### Records to process
..............................

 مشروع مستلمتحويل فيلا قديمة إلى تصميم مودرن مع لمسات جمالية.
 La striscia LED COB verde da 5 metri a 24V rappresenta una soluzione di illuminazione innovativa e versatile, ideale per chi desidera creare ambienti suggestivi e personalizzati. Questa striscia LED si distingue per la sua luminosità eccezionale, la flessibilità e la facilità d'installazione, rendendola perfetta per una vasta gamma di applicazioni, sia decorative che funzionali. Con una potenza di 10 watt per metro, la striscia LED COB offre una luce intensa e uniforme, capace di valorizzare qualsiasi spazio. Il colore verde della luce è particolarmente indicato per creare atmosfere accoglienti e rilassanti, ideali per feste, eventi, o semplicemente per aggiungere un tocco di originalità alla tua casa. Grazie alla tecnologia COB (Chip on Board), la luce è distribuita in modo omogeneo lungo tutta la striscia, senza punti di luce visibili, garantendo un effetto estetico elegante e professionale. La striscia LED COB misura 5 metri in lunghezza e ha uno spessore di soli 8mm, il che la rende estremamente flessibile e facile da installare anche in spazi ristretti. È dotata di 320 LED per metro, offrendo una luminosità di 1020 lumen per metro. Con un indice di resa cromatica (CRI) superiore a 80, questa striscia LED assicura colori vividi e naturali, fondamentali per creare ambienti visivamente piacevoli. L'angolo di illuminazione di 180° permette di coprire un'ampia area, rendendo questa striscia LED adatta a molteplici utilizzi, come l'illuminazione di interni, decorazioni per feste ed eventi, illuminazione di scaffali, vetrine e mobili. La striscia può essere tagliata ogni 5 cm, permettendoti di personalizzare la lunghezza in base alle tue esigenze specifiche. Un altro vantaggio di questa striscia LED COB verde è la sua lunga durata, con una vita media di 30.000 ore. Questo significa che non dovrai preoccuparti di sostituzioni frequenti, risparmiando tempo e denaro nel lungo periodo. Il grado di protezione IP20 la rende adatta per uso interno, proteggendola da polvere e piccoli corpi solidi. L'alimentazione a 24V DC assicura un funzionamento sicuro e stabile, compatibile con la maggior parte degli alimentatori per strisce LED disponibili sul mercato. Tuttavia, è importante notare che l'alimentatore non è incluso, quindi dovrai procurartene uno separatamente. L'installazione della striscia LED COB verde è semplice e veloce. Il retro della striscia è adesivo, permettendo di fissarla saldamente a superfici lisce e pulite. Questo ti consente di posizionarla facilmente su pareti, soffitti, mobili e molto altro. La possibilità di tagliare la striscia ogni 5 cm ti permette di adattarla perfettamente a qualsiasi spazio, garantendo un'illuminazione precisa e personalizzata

..............................

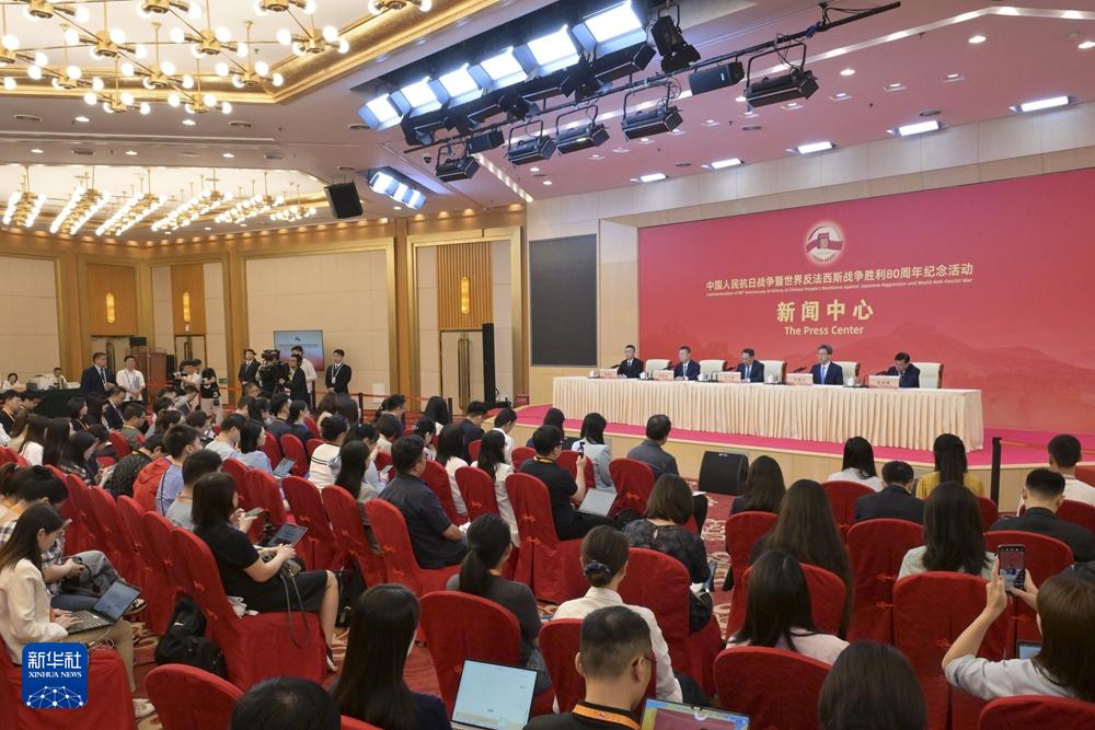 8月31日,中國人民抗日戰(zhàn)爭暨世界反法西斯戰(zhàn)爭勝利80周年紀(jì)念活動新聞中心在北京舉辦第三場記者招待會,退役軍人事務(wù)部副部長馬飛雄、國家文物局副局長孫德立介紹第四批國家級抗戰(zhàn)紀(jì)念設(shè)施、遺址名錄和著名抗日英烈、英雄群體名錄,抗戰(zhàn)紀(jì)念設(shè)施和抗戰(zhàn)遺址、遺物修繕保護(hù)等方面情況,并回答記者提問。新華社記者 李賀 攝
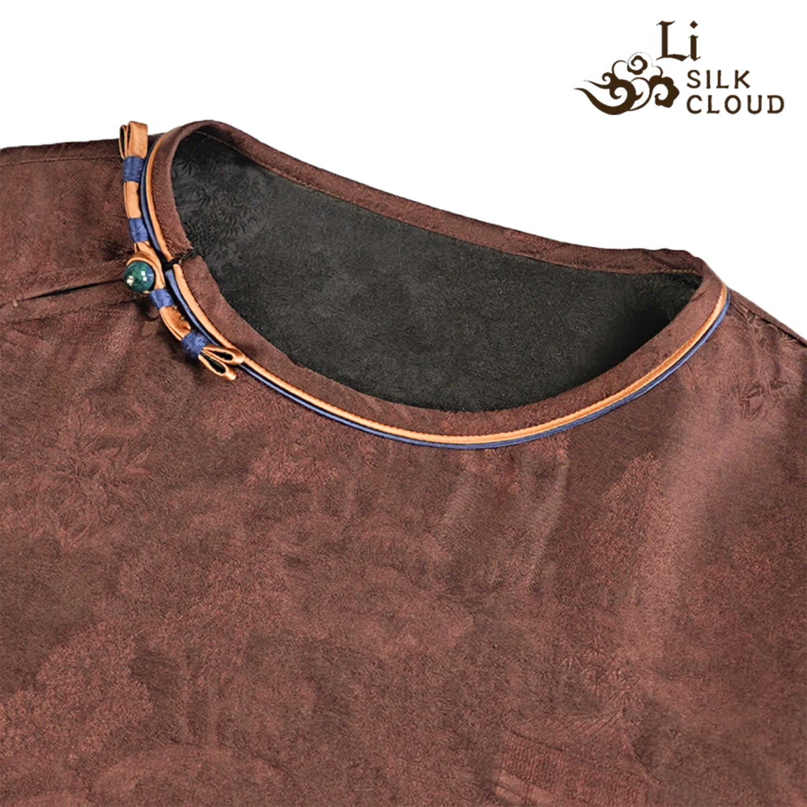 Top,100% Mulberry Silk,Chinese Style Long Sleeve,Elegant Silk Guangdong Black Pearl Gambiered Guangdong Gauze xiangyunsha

..............................

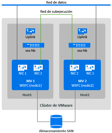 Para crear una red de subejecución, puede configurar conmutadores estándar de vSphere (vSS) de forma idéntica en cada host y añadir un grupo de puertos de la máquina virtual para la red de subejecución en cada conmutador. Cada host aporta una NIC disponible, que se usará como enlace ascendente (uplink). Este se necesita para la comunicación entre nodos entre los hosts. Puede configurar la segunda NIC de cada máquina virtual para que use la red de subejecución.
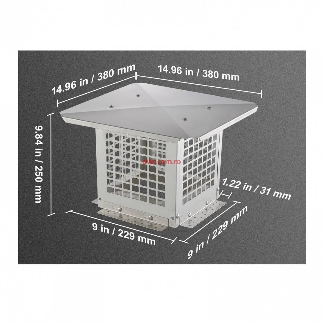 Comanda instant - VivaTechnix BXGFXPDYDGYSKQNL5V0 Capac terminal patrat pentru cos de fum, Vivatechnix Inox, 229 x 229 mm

..............................

### Problem statement
Reproduce, word for word, only the lines in the records above from the line with "Para crear una" through the line with "Comanda instant - VivaTechnix", including both ends; omit the pictures.

### Result below
 Para crear una red de subejecución, puede configurar conmutadores estándar de vSphere (vSS) de forma idéntica en cada host y añadir un grupo de puertos de la máquina virtual para la red de subejecución en cada conmutador. Cada host aporta una NIC disponible, que se usará como enlace ascendente (uplink). Este se necesita para la comunicación entre nodos entre los hosts. Puede configurar la segunda NIC de cada máquina virtual para que use la red de subejecución.
 Comanda instant - VivaTechnix BXGFXPDYDGYSKQNL5V0 Capac terminal patrat pentru cos de fum, Vivatechnix Inox, 229 x 229 mm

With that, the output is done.